According to the DRC’s health ministry, the epidemic has killed more than 1,700 people – more than two-thirds of those who contracted it – since it emerged last August. It is the second-worst outbreak of its kind on record. The outbreak is currently restricted to the east of the country where efforts are underway to contain it.
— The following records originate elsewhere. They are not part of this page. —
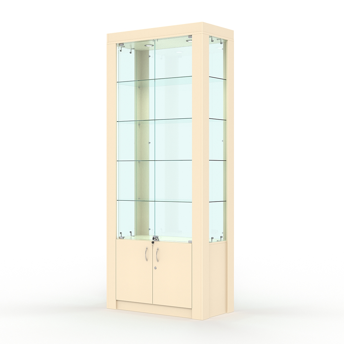 Стеклянные дверки в верхней секции — стекло 5мм, закрываются на замок.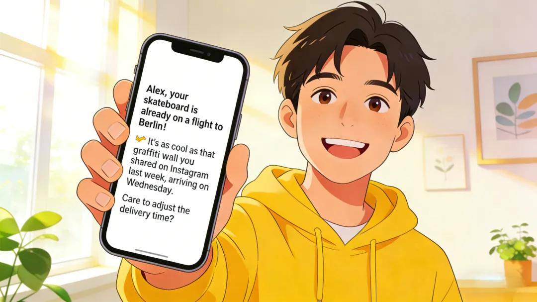 物流追踪场景:“Alex, your skateboard is already on a flight to Berlin! ✈️ It's as cool as that graffiti wall you shared on Instagram last week, arriving on Wednesday. Care to adjust the delivery time?”——将物流更新与顾客社交动态结合,创造个性化关联。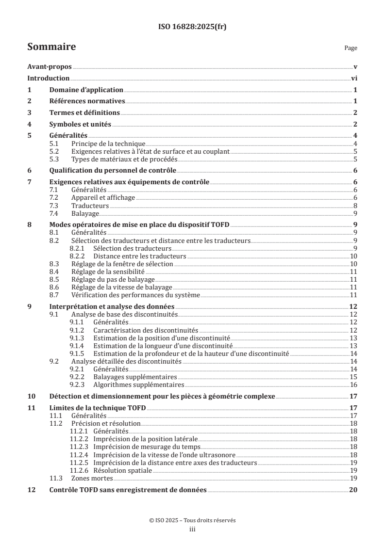 Keywords: ISO 16828:2025, TOFD, time‑of‑flight diffraction, ultrasonic testing, non‑destructive testing, NDT, weld testing, probe centre separation, discontinuity sizing.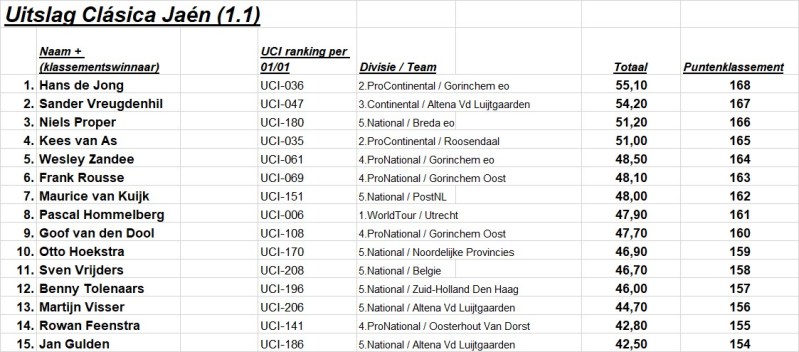 Het klapstuk van de afgelopen week was uiteraard de UAE Tour. Ondanks de vele blessures in de teams van vele deelnemers werden er in de UAE Tour mooie scores behaald. Het oude UAE Tour record (Elly Mathijssen 1117,2 punten in 2025) verdwijnt zelfs uit de boeken omdat winnaar Stefan Verschoor in de editie van 2026 tot een totaal van 1166,5 punten kwam. Ook de nummer 2, Marcel Spijker, overtrof het oude record met zijn 1121,3 punten. De nummer 3, Rolf Pruijsen, lukte dat niet want hij scoorde een totaal van 1022,5 punten.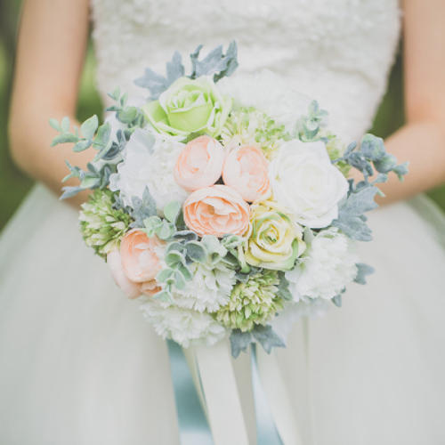 选择喜欢的纸对花束进行包装,并系上漂亮的丝带,一束别致的多肉手捧花就完成了。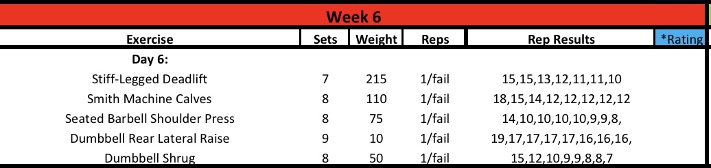 This is the only day this has happened — probably because intensity was so high on the other exercises. Normally I get to the end fine, but peak week is supposed to beat ya up.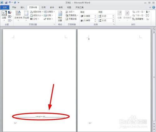 我们把光标放在第一页末尾或者第二页开始的位置,在功能菜单中选择“页面布局”,单击其下的“分隔符”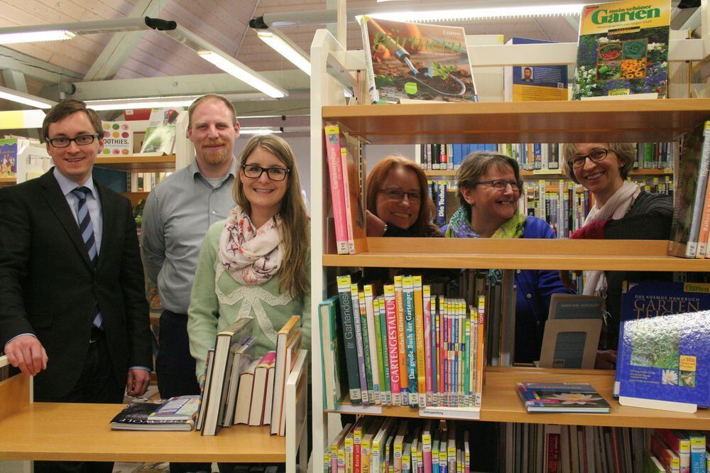 Bürgermeister Steffen Heß, Andreas Linsenmayer vom Bauamt, Hauptamtsleiterin Saskia Brendle, Karin Föll, Inge Ott und Martina Hanisch von der Bücherei freuen sich schon auf die neuen Räumlichkeiten in der Schloss-Scheuer. Derzeit sind sie noch in der alten Bibliothek mit Umzugsplänen beschäftigt. GEA-FOTO: IWA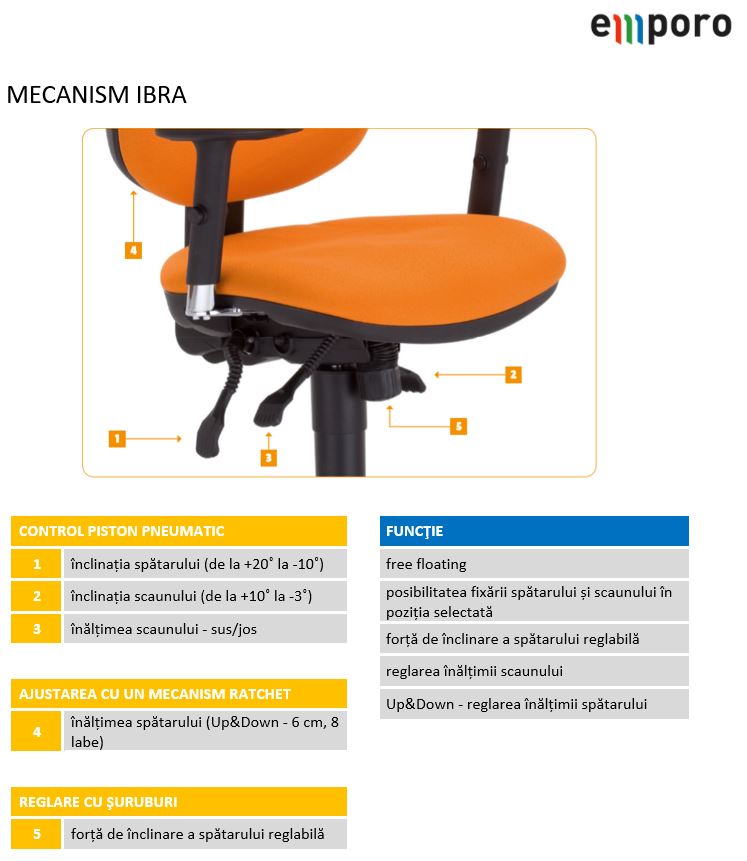 - înclinare continuă a șezutului (-3° până la +10°) și spătarului (80° până la 105°)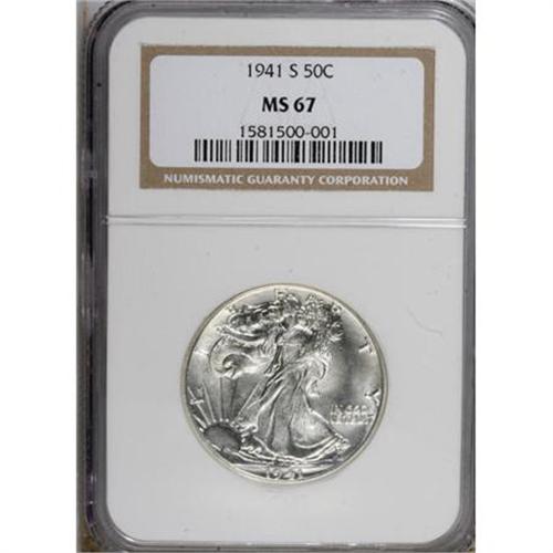 <B>1941-S 50C MS67 NGC.</B></I> This brilliant Superb Gem has potent luster, and retains a freshly minted appearance despite the passage of two-thirds of a century. The strike is decidedly above average, particularly on Liberty's cheek and the skirt lines. The 1941-S is the key to the popular 1941-1947 short set.<BR><BR><B>Coin Engraver:</B> Adolph A. Weinman<BR><BR><b>Shipping:</b> Coins & Currency (<a target="_blank" href="http://www.heritageauctions.com/common/shipping.php">view shipping information</a>)
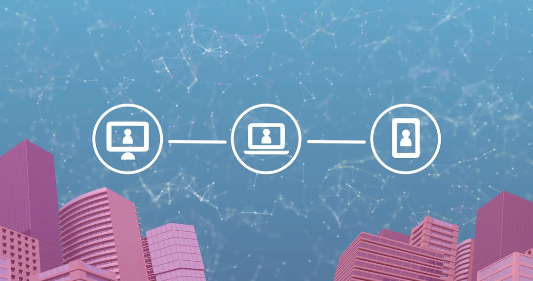 Conceptual representation of interconnected technology icons above city buildings illustrates modern communication and digital security. Perfect for marketing tactical products reminsicent of innovation, headline blog posts on cyber protection, or illustrating articles about online data sharing and digital networking.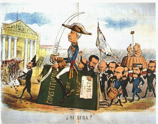 Dins l'etapa del Sexenni Revolucionari (1868-1874), la primera República (1873-1874) va ser proclamada com a solució d'urgència davant del buit de poder i, enfront el desprestigi de la monarquia borbònica. El curt període de la República, va finalitzar amb la dictadura de Serrano, és a dir, amb l'ocupació del general Pavía a les Corts qui, amb el suport de l’exèrcit, va posar punt i final a aquesta fase.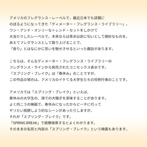 メンズの化粧品にありそうな、ココナッツ&クール・スウィートなトーンで、フレグランスというよりはボディ・ローションなどに近いかもしれません。いずれにせよ、春よりはサマーシーズンにベストマッチすると思います。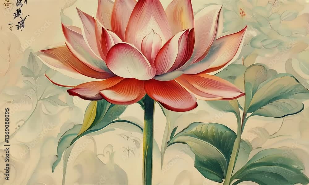 Chinese retro painting style lotus illustration.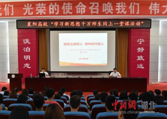 中新网湖北新闻6月12日电 (胡旭)6月11日,襄阳高校“学习新思想千万师生同上一堂课活动”在湖北文理学院举行。湖北文理学院党委书记唐峻、马克思主义学院院长王奎现场授课。活动由湖北文理学院校长丁世学主持。
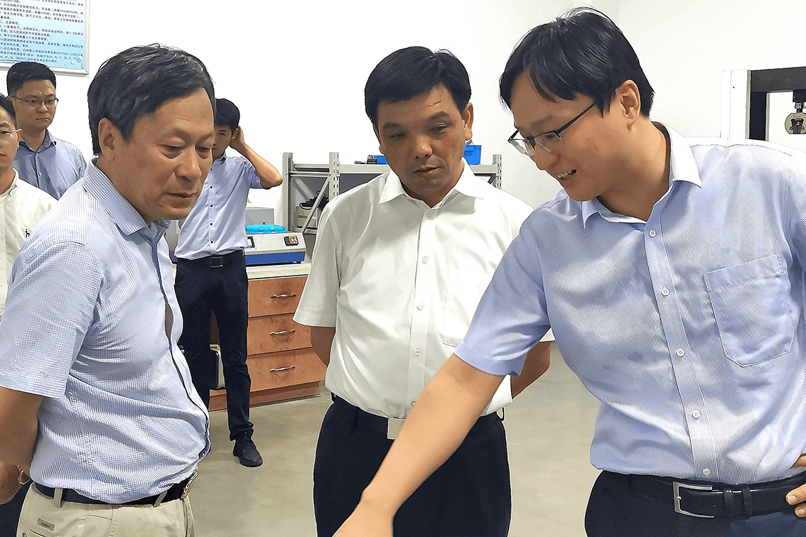↑蘇商集團陳家俊董事長(左)和副總經理陳寅同志(右)陪同南京江寧濱江開發區黨工委萬振華書記(中)參觀南京金城軌道公司產品實驗室。

It currently remains unclear how many people’s applications had been suspended.
According to a poll by the New York-based Congo Research Group, about three percent of DRC’s population is Muslim, while people from sub-Saharan Africa make up about 10 percent of the more than two million annual pilgrims to the holy city of Mecca.
During the 2014-16 Ebola outbreak, which killed more than 11,000 people, Saudi Arabia had suspended pilgrimage visas for travelers from Guinea, Sierra Leone, and Liberia, the three worst-affected countries.
The World Bank recently offered an additional crisis aid of $300 million to Democratic Republic of Congo (DRC) to stop the spread of the deadly the Ebola outbreak. The grant will be largely financed through the World Bank’s International Development Association (IDA) and its Crisis Response Window.